Она нужна была ему все эти годы. Умоляю, верните его матери. Может, уже и поздно, сделанного не воротишь. Но хотя бы дайте ему шанс. Все ваше богатство и влияние не смогли и не смогут его воспитать. Он трус. Он убил чужую мать и сбежал. И всегда будет убегать.

— Довольно, Шариф Мухаммад! Ты хороший человек. Ты верно служил мне, и ради прошлого я прощаю тебе сегодняшнюю дерзость. А сейчас уходи! — проревел Дада.
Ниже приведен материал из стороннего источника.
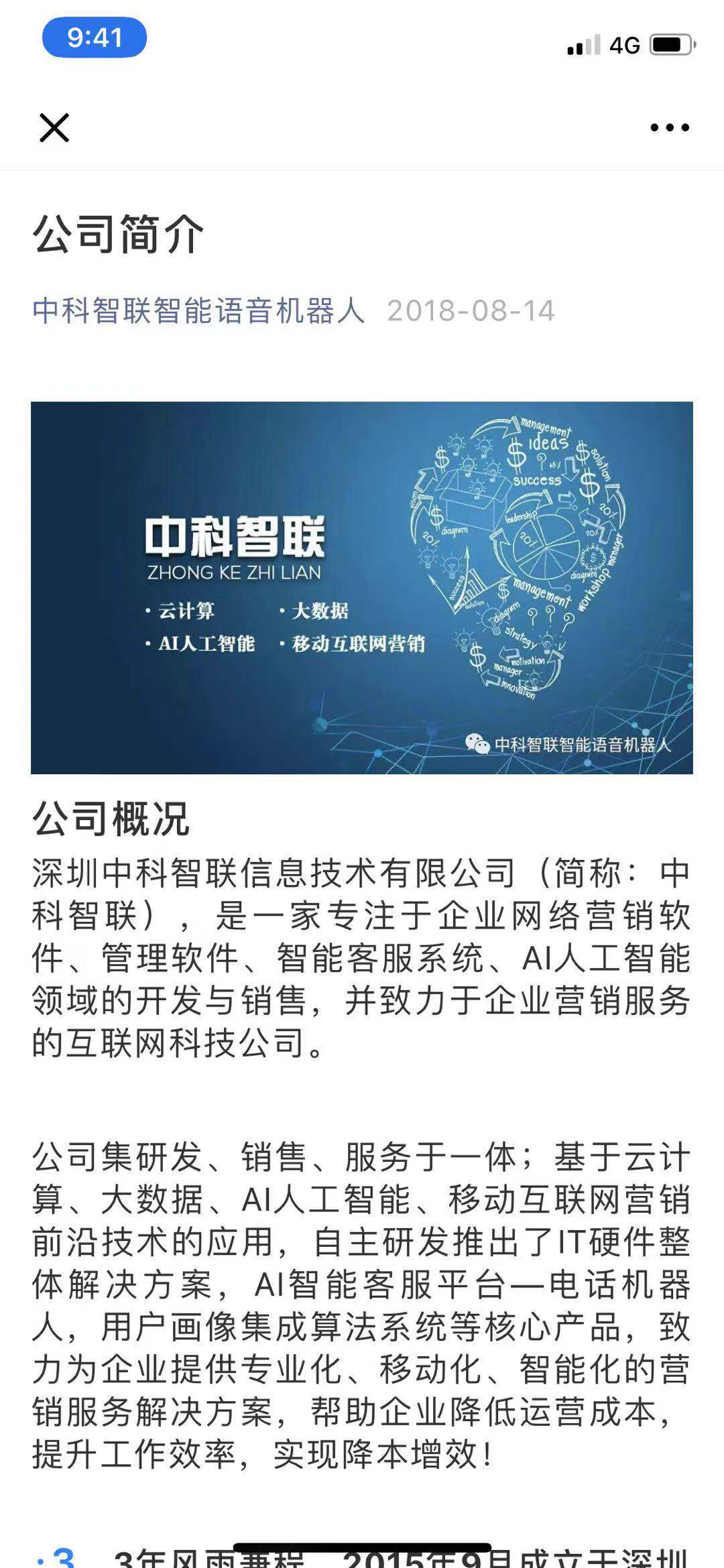 记者查询中科智联微信公众号显示,中科智联是一家专注于企业网络营销软件、管理软件、智能客服系统、AI人工智能领域的开发与销售,并致力于企业营销服务的互联网科技公司。

Но, видимо, слова Шарифа Мухаммада подействовали. Через две недели Дада проводил меня в Америку. В аэропорту Лос-Анджелеса впервые за шесть лет я встретился с матерью. С ней вместе были ее муж, «крокодил», и дочь, Саба. Она обняла меня — отчужденного замкнутого незнакомца, когда-то бывшего ее сыном, и лицо ее было мокрым от слез. Взяв мою ладонь, она провела ею по своей щеке, улыбаясь сквозь слезы.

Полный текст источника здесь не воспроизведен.